* _LISTED RECORDS_
•••

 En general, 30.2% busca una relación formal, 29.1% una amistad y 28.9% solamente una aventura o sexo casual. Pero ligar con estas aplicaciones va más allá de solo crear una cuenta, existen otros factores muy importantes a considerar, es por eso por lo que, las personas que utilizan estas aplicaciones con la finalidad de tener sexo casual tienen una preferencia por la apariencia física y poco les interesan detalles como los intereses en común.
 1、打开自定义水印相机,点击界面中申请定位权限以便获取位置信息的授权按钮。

•••

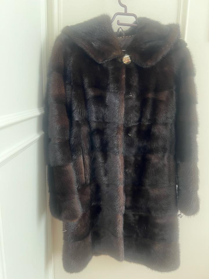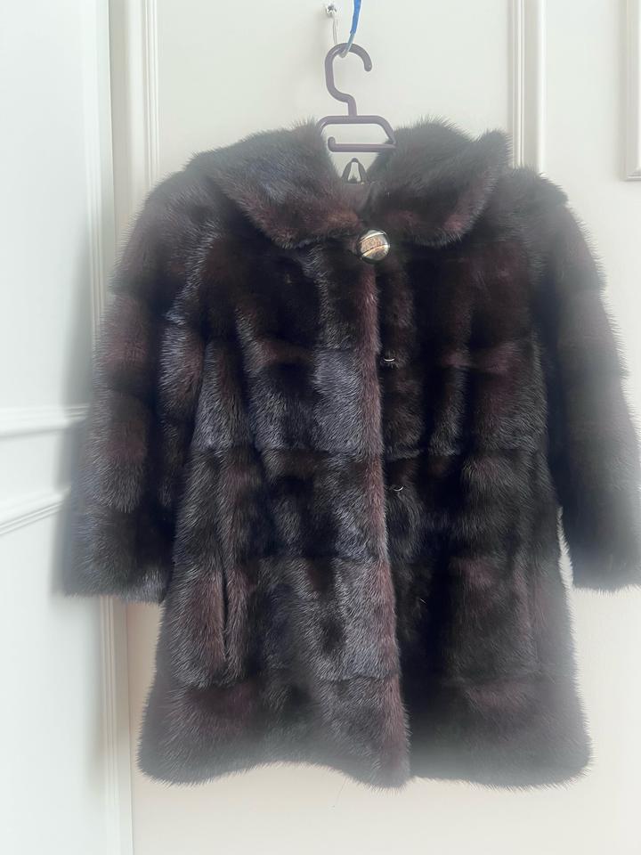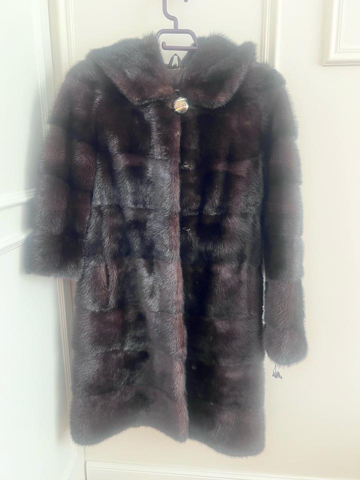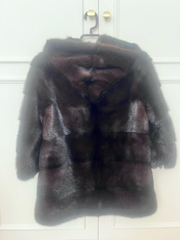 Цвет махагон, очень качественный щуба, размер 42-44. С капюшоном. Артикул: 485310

•••

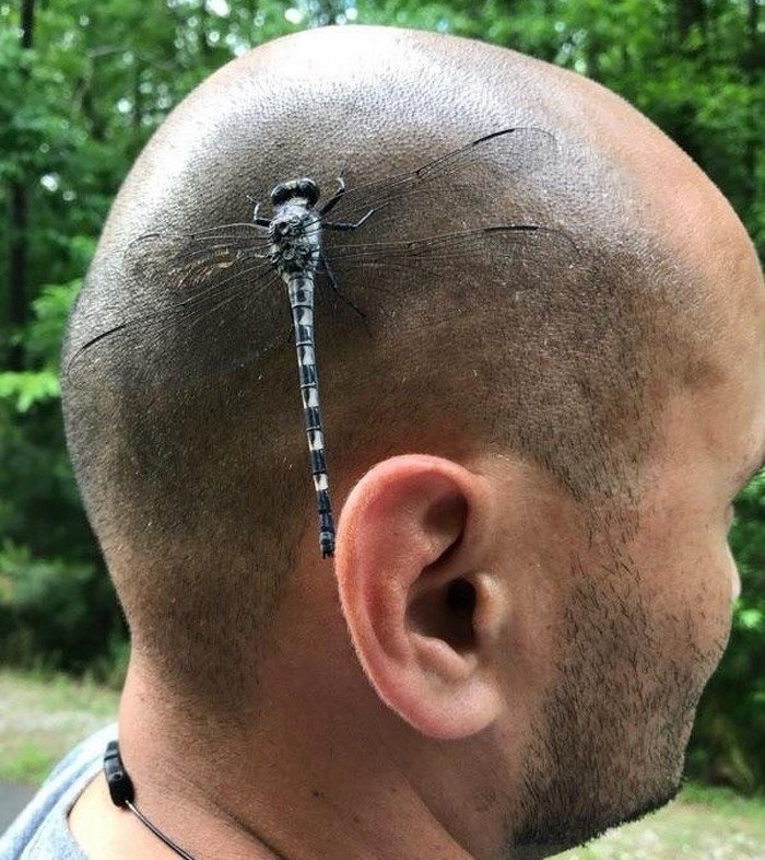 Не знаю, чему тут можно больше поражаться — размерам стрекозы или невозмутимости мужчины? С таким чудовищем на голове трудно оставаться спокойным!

•••

* _TASK REQUIREMENTS_
After locating the line with "En general, 30.2%" in the material above, return it and each line after it exactly, ending at the line with "1、打开自定义水印相机,点击界面中申请定位权限以便获取位置信息的授权按钮。".

* _REPLY TO THE EXERCISE_
 En general, 30.2% busca una relación formal, 29.1% una amistad y 28.9% solamente una aventura o sexo casual. Pero ligar con estas aplicaciones va más allá de solo crear una cuenta, existen otros factores muy importantes a considerar, es por eso por lo que, las personas que utilizan estas aplicaciones con la finalidad de tener sexo casual tienen una preferencia por la apariencia física y poco les interesan detalles como los intereses en común.
 1、打开自定义水印相机,点击界面中申请定位权限以便获取位置信息的授权按钮。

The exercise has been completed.